Thirteen years ago this month, a natural disaster resulted in millions of dollars in property damage across Southeast Alabama and Northwest Florida.
The "Great Flood of 94" had its most far-reaching and continued impact in the small Panhandle town of Caryville.
At its crest of around 29-feet, the July, 1994 flood submerged Caryville under water.
The town remains mired by the disaster. Its population dropped from 1500 residents, to under 200.
Becky Pate owned a convenience store and lost everything in the flood. However, she finally sees' hope. "I watched from my store window and saw the last house leave Caryville and cried,” she says. “It’s been real tough over the years, but now we are seeing hope."
Roger Cochran's wood carved art can be found across the country. The flood brought disaster for him as well, but now, there is hope. "It’s better here now than [in] '94. The flood got rid of a lot of junk around here.

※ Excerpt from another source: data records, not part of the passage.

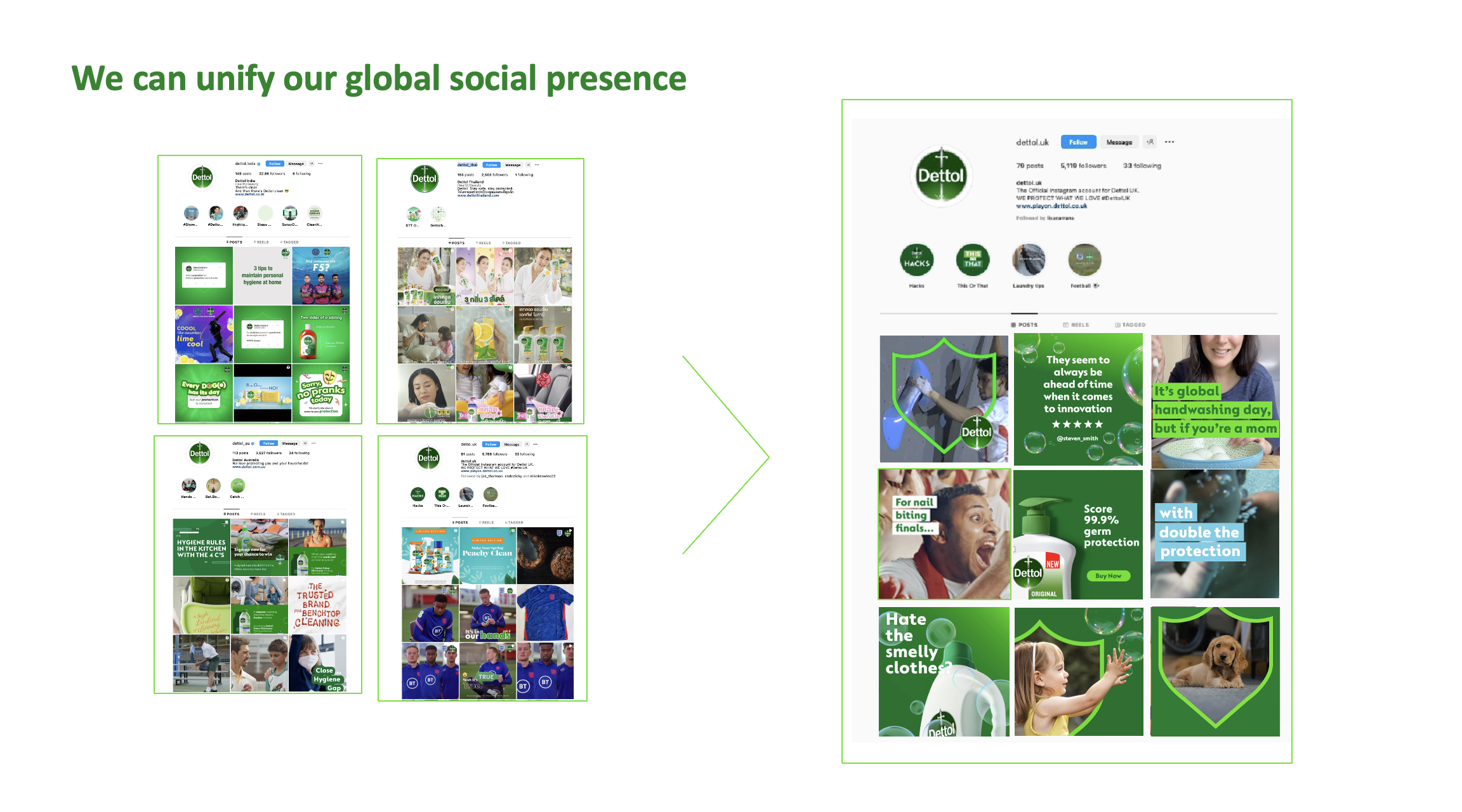 Dettol was a disjointed brand worldwide. Through research we identified and created supporting brand assets to enhance a wide portfolio with global nuances. Inspired by the duality of the brand promise we redesigned the brand look and feel and tone of voice across brand comms, social and e-commerce. Throughout the process we worked with regions, to take them on this global brand restructure, ensuring it worked in both developed and developing markets. After our launch we continued to steward and govern markets, ensuring brand unity across the world.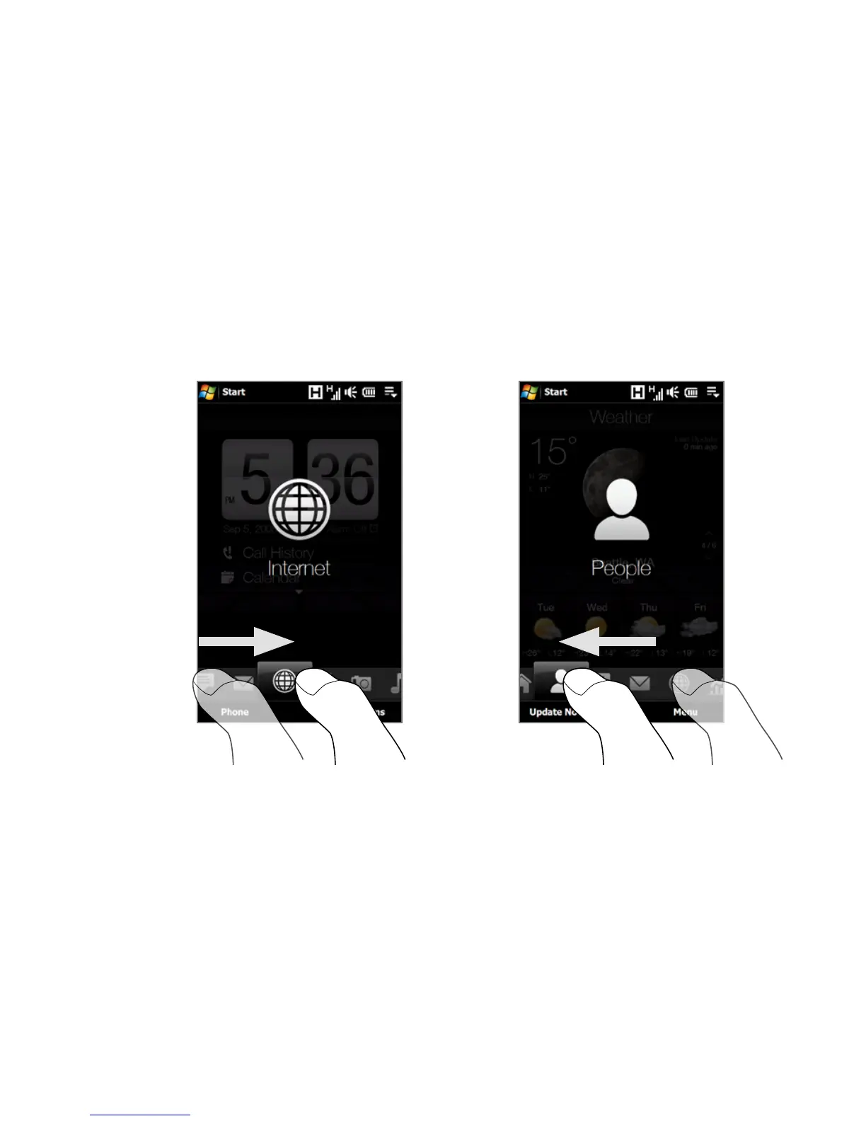To switch between the tabs of the Home screen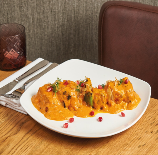 Tender marinated fish fillets deep fried and cooked in a special makhani ...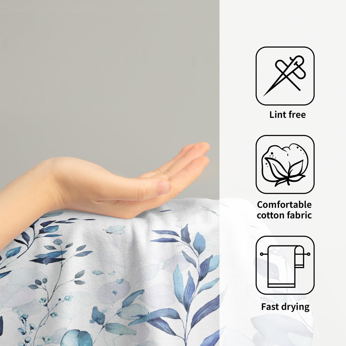- Q: Is the printing on both sides of the towels? A: No, the towels feature single-sided printing with a watercolor leaves pattern; the other side is white.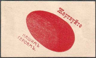 1915(?) г. Разм. 32 х 53 мм. Одноцветная печать на белой бумаге. Пасхальное яйцо. Текст: «Жертвуйте нашим героям».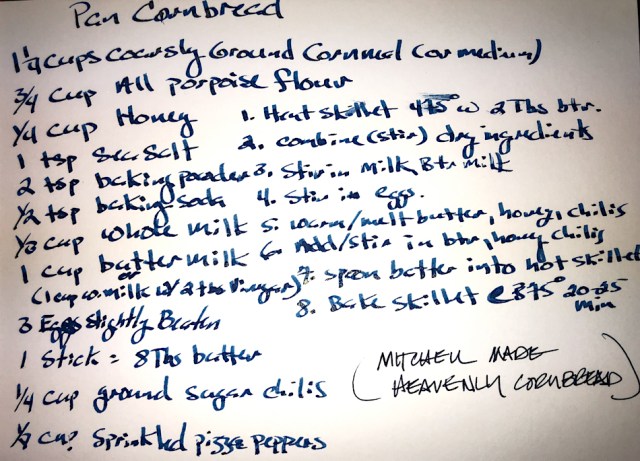and diced avocado and corn bread the first day (Mitchell’s recipe below),
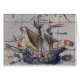 Antikaj karta i Stilla havet med en färgfull lång frakt eller gallon som passerar genom vågar med en ängel vid bågen för att styra frakten till säker passage. Besättningen förbereder seglarna och svabben på däck.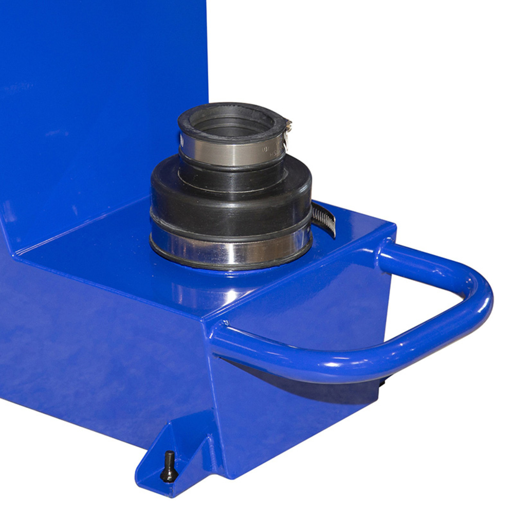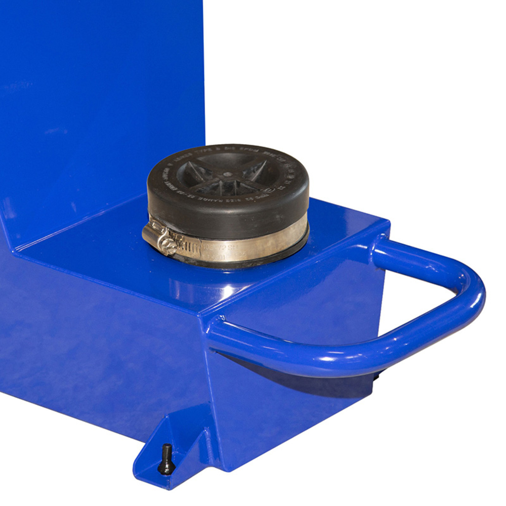 La cuve est montée sur roues, facilitant son déplacement sur le chantier ou en atelier. Elle est fournie avec un couvercle pour protéger le contenu et un support pour sac, assurant une utilisation pratique et efficace.
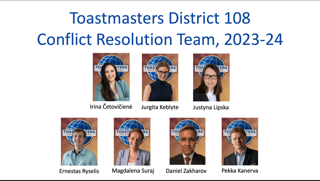 The organization is called Toastmasters International, and I’ve had the privilege to lead the Conflict Resolution Team at the organization’s fantastic District 108 comprising seven countries: Poland, Estonia, Latvia, Lithuania, Finland, Russia and Kazakhstan.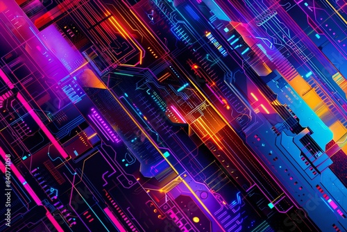 Technology Abstract Background - Vibrant Technological Circuitry - Abstract Vector Background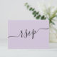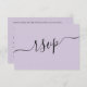 Você se encantará com este cartão RSVP de casamento de lavanda roxa minimalista, com design limpo, contemporâneo, tipografia elegante, e um espaço dedicado para um código QR para que os convidados possam acessar facilmente seu site de casamento ou responder online. Totalmente personalizável, esse elegante design é perfeito para casamentos contemporâneos, misturando estilo e função em formato monocromático de eterno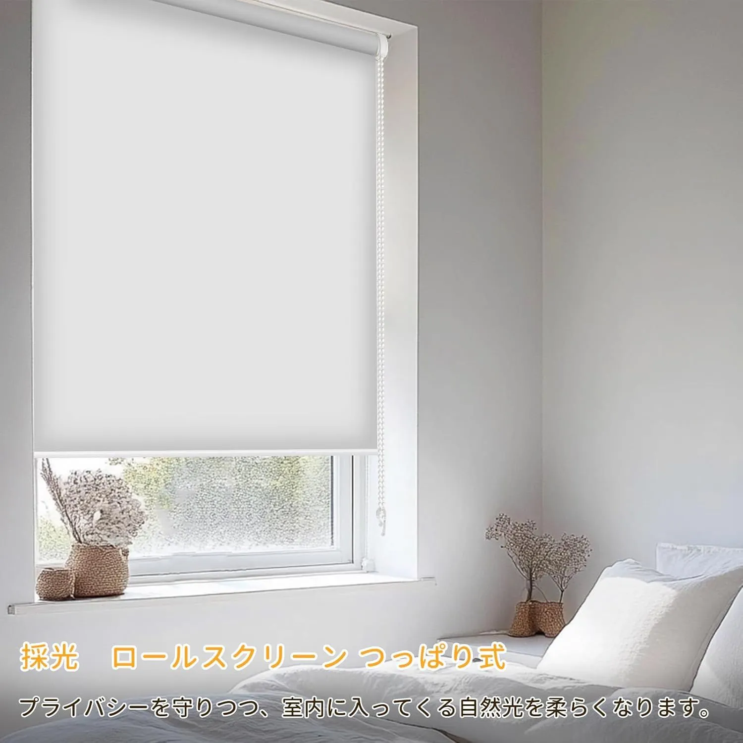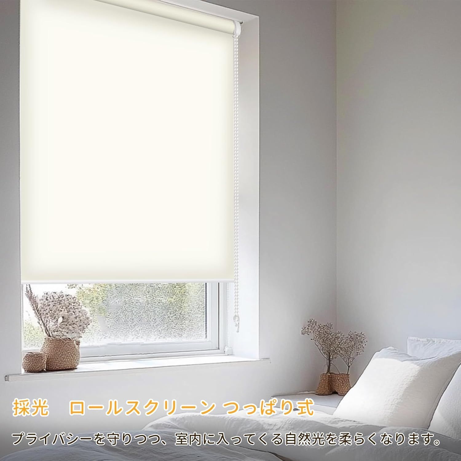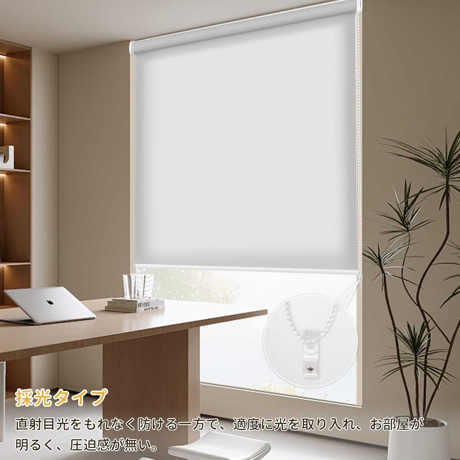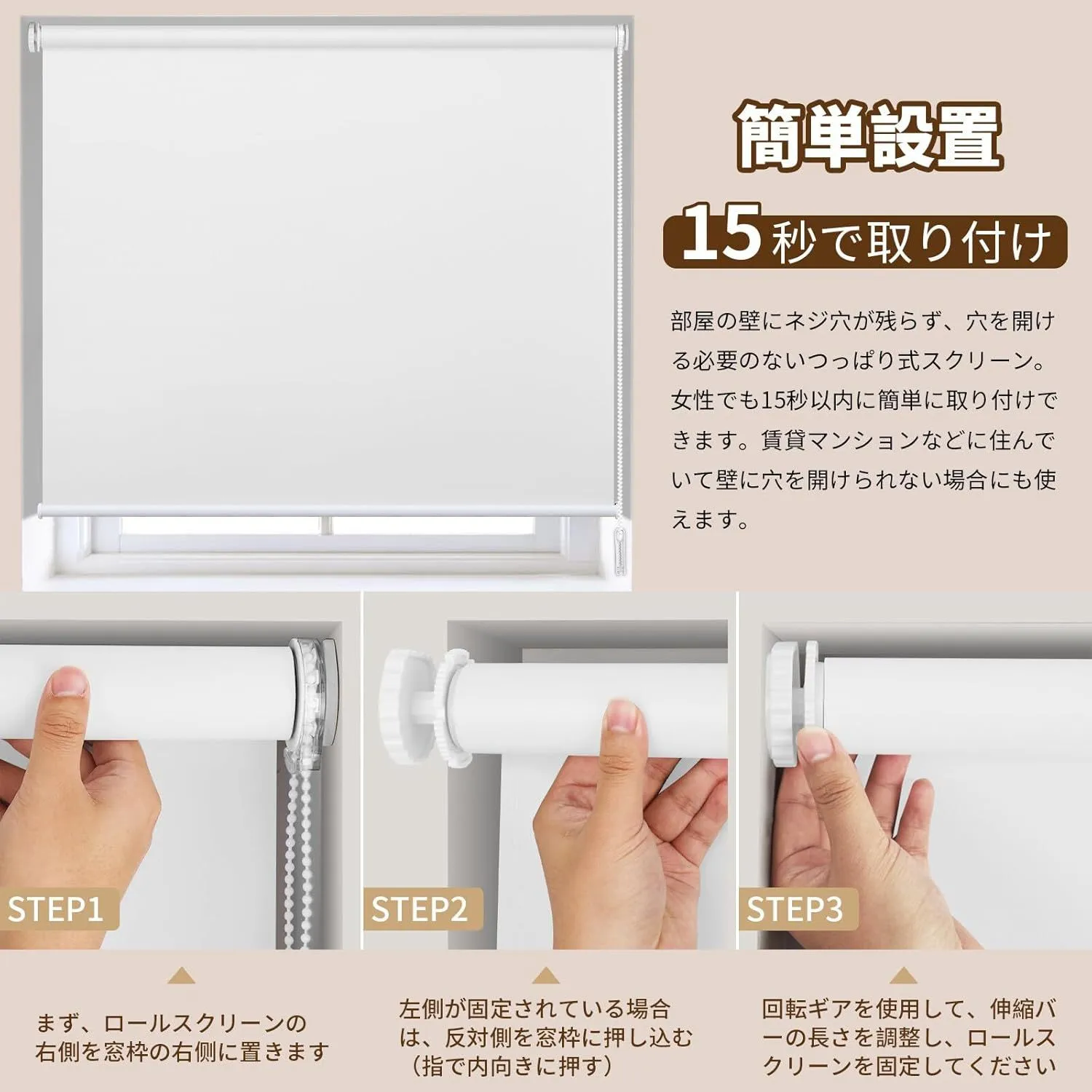 【賃貸OK】ロールスクリーン つっぱり 穴あけ不要 ネジ不要 1cm単位サイズオーダー可 遮光 採光 断熱 遮熱 UVカット 遮像 プライバシー保護 チェーン式 無地 ブラインド 押し入れ 目隠し 間仕切り キッチン 窓 3色対応
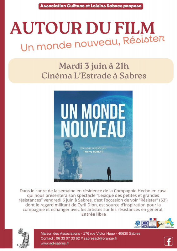 Pour cela, elle est gestionnaire du cinéma L'Estrade en délégation de service pour la Mairie de Sabres et propose une palette d'activités de loisirs : les Clubs (yoga, pilates, oenologie, danse, badminton...) et l'échange des savoirs.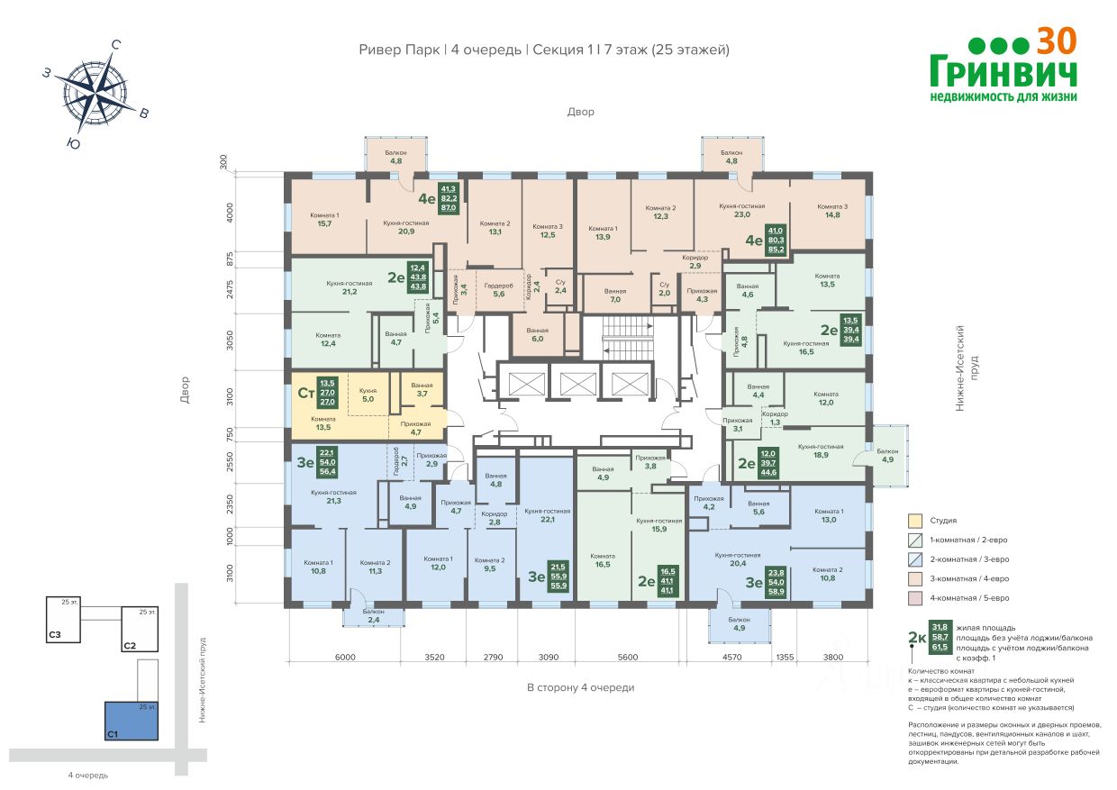Объект N 197036. Вашему вниманию предлагается студия в 4 очереди Ривер Парк. Застройщик Атлас (комфорт+). Отделка под ключ! Вид на юго-запад, во двор. У дома будет набережная с пляжем. Обеспечительный взнос 1 млн. на аккредитив, остальная сумма при получении ключей в декабре 2026 г, без промежуточных платежей. Безопасная сделка.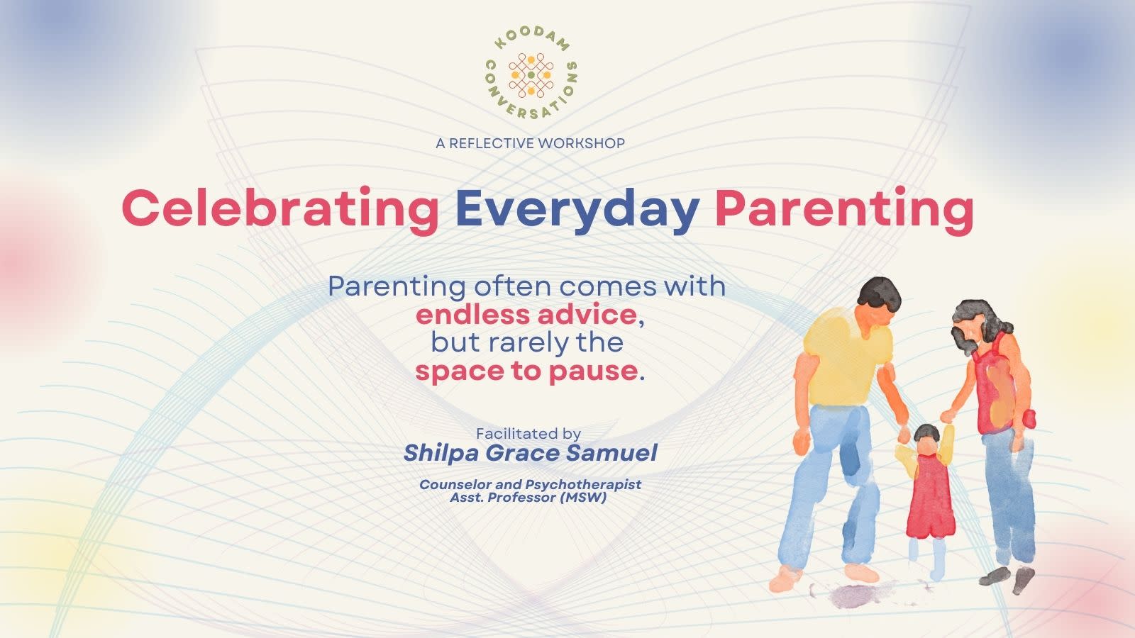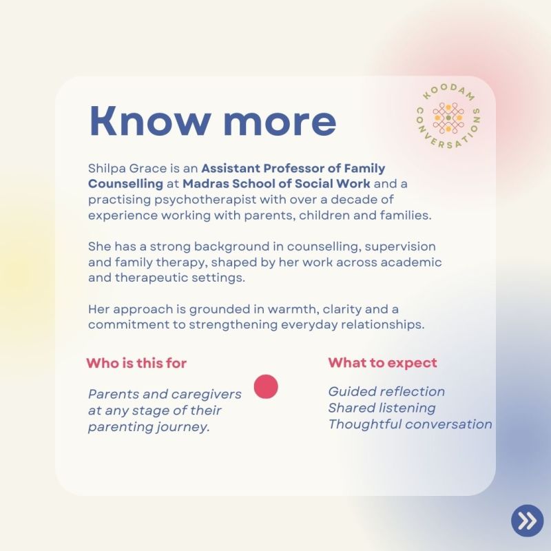Led by Shilpa Grace Samuel, Counselor and Psychotherapist, and Assistant Professor of Family Counselling at Madras School of Social Work, who has over a decade of experience working with parents, children, and families. Her approach is grounded in warmth, clarity, and everyday relational practice.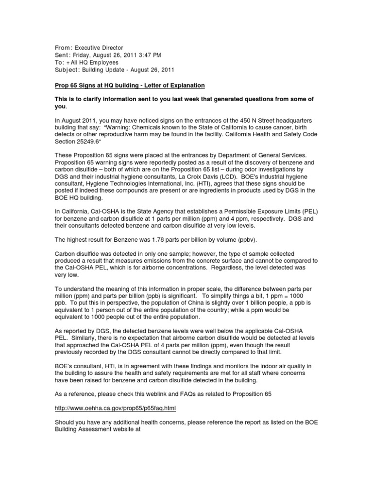 Prop 65 Signs at HQ building Letter of Explanation Benzene

The forest has grown back, [but] not too many people."
Caryville is not just about ole-timers' and the past, it's about new people moving in and starting businesses.
Six months ago, Eva Wilson and her family moved from South Florida to Caryville. They opened a restaurant here because it's the future.
"We came here about six-months-ago and opened the restaurant,” Wilson said. “We see hope and we feel this is a great place to live."
Caryville lost most of its population following FEMA’s "buyout" of homeowners who lost everything in the '94 flood.